I should never have asked to use it. That’s right. I never will ask to use it again. Won’t you feel sorry for treating me like this then!
“What’s the matter now?”
“I am hurt ok! I take care of my things. Did I take it out on you? I am quiet. Can’t I take some time to get over it? I don’t want your scratched up, banged up, dusty with crumbs and coffee stained phone OK! I just want to sulk and be left alone. Now why are you mad and sleeping here?”
And so we dance…back and forth. At times changing tunes and playing different roles. The games we found ourselves in as children without power. Hurt, beaten, mocked, embarrassed, hit at times, beaten with slippers and other handy things…raped! The games seem different, the rules are constantly changing, and us…we are struggling to learn to play and continue even when crushed again and again.

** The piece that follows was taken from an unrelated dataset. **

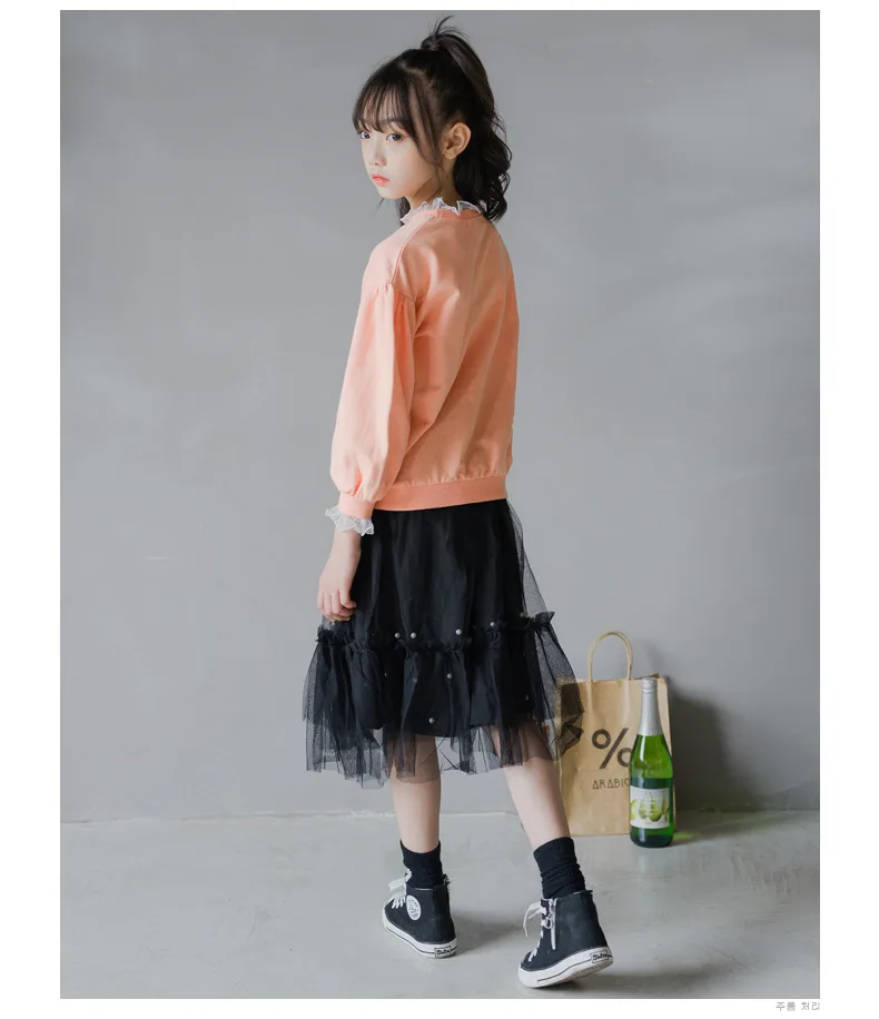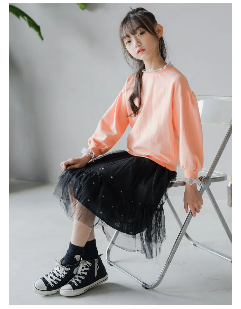 Комплект одежды для девочек, топы на осень + юбка-пачка из бисера, сетчатые Юбки Комплекты из 2 предметов Модный повседневный костюм с длинными рукавами для подростков 6, 8, 10, 12, 14, 16 лет

But we made it right! Look at us now. Our toys are intact. Wait! We have more toys now. Our own houses, cars, yesterdays shopping spree…no one can take away the material or the intimate from us now. We accumulate more and more and more. We are in charge. No one can whip, or rape or beat us into submission.
There are no new games… just old ones. We are the players, the played and the game! And, we don’t even know it!
The above story came to me one day after a silly fight between my husband and I. None of it is true in the sense that I don’t know if it happened, but then again all of it could be true as well… I find it fascinating that things are never what they seem to be on the surface. People, situations or things that may trigger us in a particular moment often tend to have deep roots to other places and times…Some people call these implicit memories…what we don’t know, knows us all too well…and is always trying to get our attention one way, or another. If we notice the triggers long enough to pause without getting carried away by the storm…we can use them as clues and markers to find our way back to the source.